For the novel's theme, Gaider decided to explore some of the possible stories he seeded in parts of Thedas when he first made the setting; he did not know at first whether they would ultimately be utilized for Origins. Eventually he decided that the novel would be about the history of Ferelden's struggle for independence against the Orlesian Empire, an event referred to many times in the game, with Gaider noting that he and the rest of the development team initially tried to incorporate that story into the narrative for Origins. He recognized that the continuity between the games' narrative and the tie-in material was not "necessarily going to mix that well", noting that it is problematic to incorporate a character originally introduced in the novelizations into the games, as the character ought to be presented in a manner which does not confuse players who do not have knowledge of the tie-in material, while at the same time satisfying players who did read the novels and not giving the impression of "a rehash of what they already know".

==Plot==
The novel opens with the country of Ferelden occupied by the neighbouring Orlesian Empire. Queen Moira, who sought to expel the Orlesians, has been murdered by traitor nobles, but her son Maric has escaped. While attempting to flee the assassins who killed his mother, Maric encounters Loghain, who is part of a band of Fereldan outlaws. Having no real alternatives, Maric joins up with them. However Maric is not able to stay at the outlaw camp long, as an Orlesian army looking for Maric attacks. Yet, Loghain is able to lead Maric to safety by taking him to the Korcari Wilds, a region avoided by most due to its danger. Here they meet the mysterious Witch of the Wilds, who enables them to pass through the Wilds safely. She provides this help on the condition that Maric makes her a promise. The specifics of this promise are unknown. She also tells Maric that a Blight will one day come to Ferelden and gives him a cryptic warning about Loghain's loyalty.

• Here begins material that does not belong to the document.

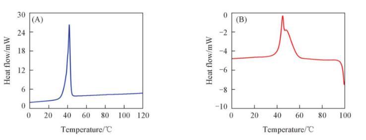 圖6(A)和(B)分別為空白樣品與負載型樣品的示差掃描量熱(DSC)曲線。從圖6(A)可以看出,L-薄荷醇樣品在大約42℃左右出現一個尖銳的吸熱峰,對應於L-薄荷醇的熔點。而負載型樣品則出現了兩個吸熱峰[圖6(B)],其中第一個峰主要是由生長在DA-GQD外表麵的薄荷醇小晶體融化引起的,而第二個峰主要是由DA-GQD包覆的薄荷醇小晶體融化引起的。這與劉紹華等的研究結果相類似。

After escaping the Wilds, Maric and Loghain are led to the remaining rebel army by Maric's betrothed, Rowan Guerrin, just in time to defeat an Orlesian army about to attack them using Loghain's aptitude for strategy. The next few years see Maric, Loghain and Rowan become close friends as they strengthen the rebel army until it is in a position to take Gwaren, a Fereldan town. Katriel, an elf woman who claims to be a messenger, warns them of an impending attack on Gwaren and they are able to repel it. After this, Katriel and Maric begin a relationship. However, Katriel is a spy for Meghren, the Orlesian King of Ferelden. She provides Maric with false information that convinces him to attack the town of West Hill. This attack results in massive loss of life for the rebel army, and Maric, Loghain and Rowan being separated from the remainder of the army.

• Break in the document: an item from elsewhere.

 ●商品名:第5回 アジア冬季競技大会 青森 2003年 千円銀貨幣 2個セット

Regretting her deception and developing real feelings for Maric, Katriel leads Maric, Loghain and Rowan to the Deep Roads, a series of tunnels, in order to return to Gwaren. After facing the dangers of the Deep Roads, including giant spiders and darkspawn, and escaping in the company of a dwarven warband, whom Maric convinces to join the rebellion, the group reach the surface. Once they return to Gwaren, they find the remnants of the rebel army and once again secure the town against an Orlesian army sent to wipe out the last remnants of the rebellion. Maric's miraculous return inspires nationwide revolution by the Fereldan people against Orlesian rule, and Meghren's heavy-handed efforts to restore order only cause further insurrection and his reluctant allies amongst the Fereldan nobility to side with Maric.

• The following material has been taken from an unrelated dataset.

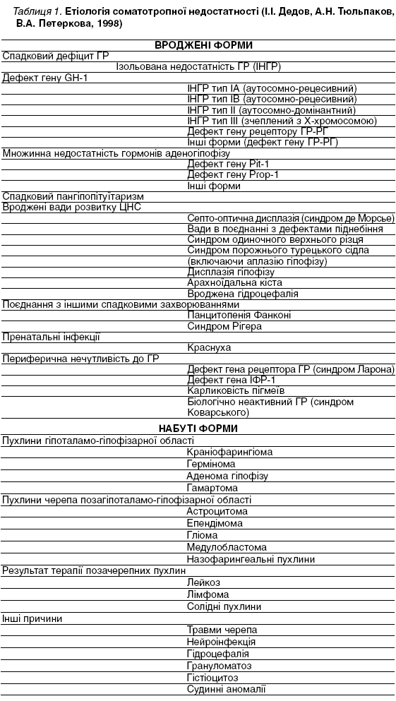 Найбільш сучасні уявлення про етіологію соматотропної недостатності подані в таблиці 1.

By this time, Loghain and Rowan have formed a romantic bond (in part due to Maric abandoning Rowan for Katriel), but Loghain has also discovered Katriel's betrayal and reveals it to Maric, omitting that Katriel had reneged on her orders out of love for Maric. After discovering her actions, Maric kills Katriel in blind rage, only to discover later that Katriel had been loyal out of love for him; Loghain wished to impress on Maric the importance of a king doing what has to be done, as opposed to what he wants to do. Following her death, Loghain encourages Rowan to become Maric's wife and queen, for Maric and Ferelden's benefit. She agrees (though the relationship between Maric and Loghain becomes much colder as a result of this and Katriel's death) and with increased momentum and growing outrage at the continuing cruelty of the Orlesians, there is now widespread support for Maric and the rebel cause. Victory is all but assured for the rebels. Maric also exacts justice on the traitor nobles who murdered his mother, luring them to a meeting under the pretense of a truce, then killing them for their crimes, before Loghain and Rowan break the back of Meghren's armies at the Battle of River Dane, ensuring Meghren's downfall and the eventual defeat of the occupation.

The novel closes with Mother Ailis, a Chantry priestess who once lived within the outlaw camp, telling Maric and Rowan's son Cailan stories of his father; after the victory at River Dane, Orlais abandoned its occupation of Ferelden as a lost cause, and after three more years of war, Denerim fell to the rebels after a long siege, Meghren was overthrown and executed for his crimes and Maric is crowned as king. Ailis tells that Maric has become a popular king, Loghain has become a powerful lord and has married and had a daughter, and that Rowan has died after a long illness. After relating this, Ailis hobbles after Cailan, who has run off into the distance.

==Reception==
Matt Litten, writing for VGBlogger.com, commented on The Stolen Throne's dark and mature tone, noting that "Gaider doesn't hold much back in describing the harrowing nature of battle" and that the novel's overall depiction of violence is "much more intense than most fantasy novels". He concluded that the novel "serves its purpose beautifully" as a tie-in prequel, and that its story is "very well written, and the strong character relationships that develop will surely tug on your emotions". RPGWatch concluded that reading The Stolen Throne will enhance the immersive experience of Origins for players, though the novel is found to be uneven quality with flaws like "occasionally clumsy writing", "plot points given away in advance", as well as overuse of typical fantasy and romance clichés. Nevertheless, Gaider's enthusiasm for the novel's setting was complimented, and that the kingdom of Ferelden "springs to life in all of its endearingly clichéd splendor" from his earnest articulation.

Nick Gazin from Vice praised The Stolen Throne as a great read. Clive Webster from Bit-Tech was enthused about The Stolen Throne and said that it "does read like a typical fantasy book and not merely a narration of a video game". Gamesradar recommended that readers who intend to explore the Dragon Age novel series should start from The Stolen Throne.

==Sequel==
A sequel to The Stone Throne, Dragon Age: The Calling, was released on October 13, 2009. Also written by David Gaider, the novel is centered on the relationship between King Maric Theirin and the Grey Wardens; Maric allowed the latter to return to Ferelden after they were exiled by his predecessor two hundred years ago. One of the Wardens apparently defects and aligns himself with the darkspawn, and the Wardens seek help from Maric and Loghain to find him. A deluxe edition of The Calling was also released by Dark Horse Books on December 12, 2018.